Convolutional networks

This is an annotated version of Keras's example MNIST CNN code for how to implement convolutional networks.

The CIFAR-10 classification task is a classic machine learning benchmark. The data includes 50,000 images belonging to 10 classes, and the task is to identify them. Along with MNIST, CIFAR-10 classification is a sort of like a "hello world" for computer vision and convolutional networks, so a solution can be implemented quickly with an off-the-shelf machine learning library.

Since convolutional neural networks have thus far proven to be the best at computer vision tasks, we'll use the Keras library to implement a convolutional networks as our solution. Keras provides a well-designed and readable API on top of TensorFlow's backend, so we'll be done in a surprisingly short amount of steps!

Note, if you have been running these notebooks on a regular laptop without GPU until now, it's going to become more and more difficult to do so.
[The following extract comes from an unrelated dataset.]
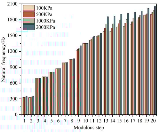 Histogram of the first 20 orders of natural frequency comparison of pipelines under different fluid pressures.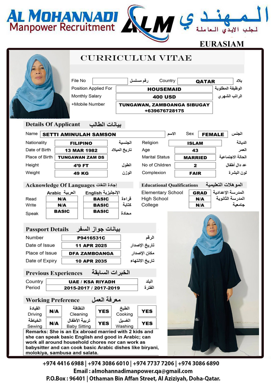 Welcome Are you looking for a driver, nurse, house manager, cleaner, nanny, secretary, professional workers for companies, security and guard personnel, foreman .... etc. Have you spent a long time looking for a maid? Have you made a great effort to find the right person? But to no avail ... Don't worry, we have the perfect solution to your problem Services…

The neural networks we will be training, starting with convolutional networks, will become increasingly memory and processing-intensive and may slow down laptops without good graphics processing.

%matplotlib inline
import os
import matplotlib.pyplot as plt
import numpy as np
import random

import keras
from keras.models import Sequential
from keras.layers import Dense, Dropout
from keras.layers import Conv2D, MaxPooling2D, Flatten

from keras.layers import Activation

Recall that a basic neural network in Keras can be set up like this:

model = Sequential()
model.add(Dense(100, activation='sigmoid', input_dim=3072))
model.add(Dense(100, activation='sigmoid'))
model.add(Dense(10, activation='softmax'))
model.summary()

We load CIFAR-10 dataset and reshape them as individual vectors.
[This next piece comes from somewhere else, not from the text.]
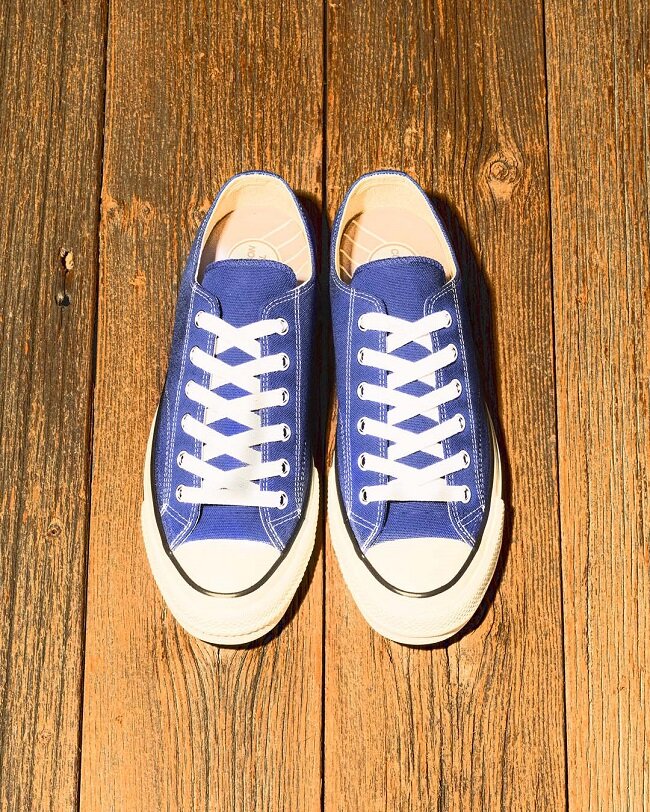 国産シャトル織り機で紡いだ風合い豊かな鮮やかなブルーキャンバスを使用。1960年代のALL STARに見られる三ツ星ヒールラベルやサイドステッチ、ソールの糊のはみ出しなど当時のディテールを再現。クッション性に優れたE.V.A.と「PORON®」の2重構造に加え、安定した歩行をサポートするTPUシャンクを組み合わせたカップインソール、防滑性と耐摩耗性に優れ全天候に対応し「HIGH PERFORMANCE RUBBER COMPOUND」の「VIBRAM® MEGAGRIP」ソールなど、ハイスペックな機能を搭載し快適な履き心地を実現。

from keras.datasets import cifar10

# load CIFAR
(x_train, y_train), (x_test, y_test) = cifar10.load_data()
num_classes = 10

# reshape CIFAR
x_train = x_train.reshape(50000, 32*32*3)
x_test = x_test.reshape(10000, 32*32*3)

# make float32
x_train = x_train.astype('float32')
x_test = x_test.astype('float32')

# normalize to (0-1)
x_train /= 255
x_test /= 255

# convert class vectors to binary class matrices
y_train = keras.utils.to_categorical(y_train, num_classes)
y_test = keras.utils.to_categorical(y_test, num_classes)

print('%d train samples, %d test samples'%(x_train.shape[0], x_test.shape[0]))
print("training data shape: ", x_train.shape, y_train.shape)
print("test data shape: ", x_test.shape, y_test.shape)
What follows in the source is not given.